AI analyst Alex Champendard said: advocated Claiming artists’ rights without outright dismissing AI technology, criticizing new lawsuits in several threads on Twitter, write in, “The attorney who filed this complaint is not credible based on its content and the way it was written. For this reason, this lawsuit may do more harm than good.” We believe that the defendant may be harmed. “whatever the company says to defend the companymyself used against them.”

Champandard noted that he noticed that the complaint contained several statements that may have misrepresented how AI image synthesis technology works. For example, in the fourth paragraph of Section I, it states, “When used to generate images from user prompts, Stable Diffusion uses training images to generate seemingly new images through a mathematical software process. These “new” images are entirely derivative works of the training images, the specific images that Stable Diffusion renders when assembling a specific output. Ultimately, this is just a complex collage tool. “

In another section attempting to explain how Latent Diffuse Image Synthesis works, plaintiffs erroneously refer to a trained AI model as having “a directory of billions of JPEG image files on a computer.” Compare and “The trained diffusion model is any of its training images.”

During the training process, Stable Diffusion extracted from a large library of millions of scraped images. Using this data, its neural network statistically “learned” how certain image styles look without storing exact copies of the images it has seen. However, in rare cases, images in the dataset may be overrepresented ( Mona Lisa), a kind of “overfitting‘ can occur, allowing Stable Diffusion to spit out a representation closer to the original image.

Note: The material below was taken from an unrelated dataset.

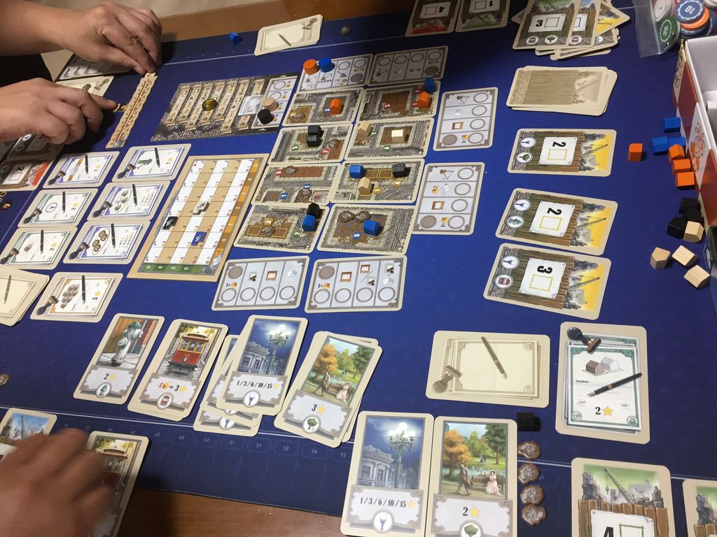 通常のワーカープレイスメントにあるような、ワーカーが6つずつぐらい持っており、置いていく、というタイプではなく、必ず1つずつのため、ゲームの進行がゆっくりに感じる人もいるかもしれません。

Ultimately, if trained properly, the latent diffusion model will always generate new images and will not create collages or duplicate existing work. This technical reality may undermine plaintiffs’ claims of copyright infringement. Image generators are, to our knowledge, an open issue with no clear legal precedent.

such as illegal competition (by duplicating an artist’s style and duplicating it using machines) and violation of publicity rights (by allowing people to request artwork “in the style” of an existing artist without permission). A few other points in the complaint, less technical, could be stepped in court.

Despite its problems, the lawsuit comes after a wave of outrage over lack of consent from artists who feel threatened by AI art generators. As it has admitted, the tech companies behind AI image synthesis have raked in intellectual property to train models without the consent of the artists. Even if they are finally found to comply with established case law regarding the over-collection of public data from the internet, they are already on trial in the courts of public opinion.

“Companies building large-scale models that rely on copyrighted data can get away with it if they do so personally.” murmured “But it is very difficult or impossible to do it openly and legally,” said Champagnedar.

If the case goes to trial, the court must sort out the difference between ethical violations and alleged legal violations. Plaintiffs want to prove that AI companies are commercially profitable and make rich profits by using copyrighted images. They sought substantial damages and permanent injunctive relief to stop the companies claiming infringement from committing further violations.

When asked for comment, Stability AI CEO Emad Mostaque said the company had not received information about the lawsuit as of this writing.